You could spend $800 but your total capital is $1000 vs $1800.

In my example, you would only be out $200 because you have $800 usd and the btc was $1000 when you put it in.

Even if you go get a loan from a bank, you need 20% equity and either collateral (this case) or co sign or proof of income. All collateral just the same. It’s just risked out to be possible to borrow many multiples due to the stability of real estate collateral.

In business loans, you have to put in 20% and the assets of the purchase are collateral.
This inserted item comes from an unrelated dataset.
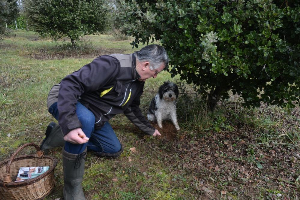 L’après-midi, nous avons également été chaleureusement reçus par Madame Boyreau et son mari dans leur truffière. Nicky, le petit chien nous a fait une démonstration magistrale de cavage ce qui a permis à chacun d’entre nous de repartir avec son diamant noir.

It’s the same but crypto doesn’t have debt collectors since it’s not an org. Instead the collateral has to be in the system directly so they can automate liquidation.

1 comments

This is similar to a securities line of credit(SLOC). Brokerages already have this. Am not getting how this is so different from todays system. M1 finance and E*Trade, IB all have SLOC. If you own a house you can get an equity line of credit. Either way you a borrowing against an asset that has some value. It just so happens in this case it’s Bitcoin. Is that the only difference?
Yeah the idea is the same except for bitcoin as the asset. Additionally no minimum asset amount. SLOC allow borrowing up to 35-50% of asset vs 80% or more. The interest rates are comparable tho.
It is precisely the same but provided in a decentralized fashion. This allows anyone to participate with any amount (theoretically).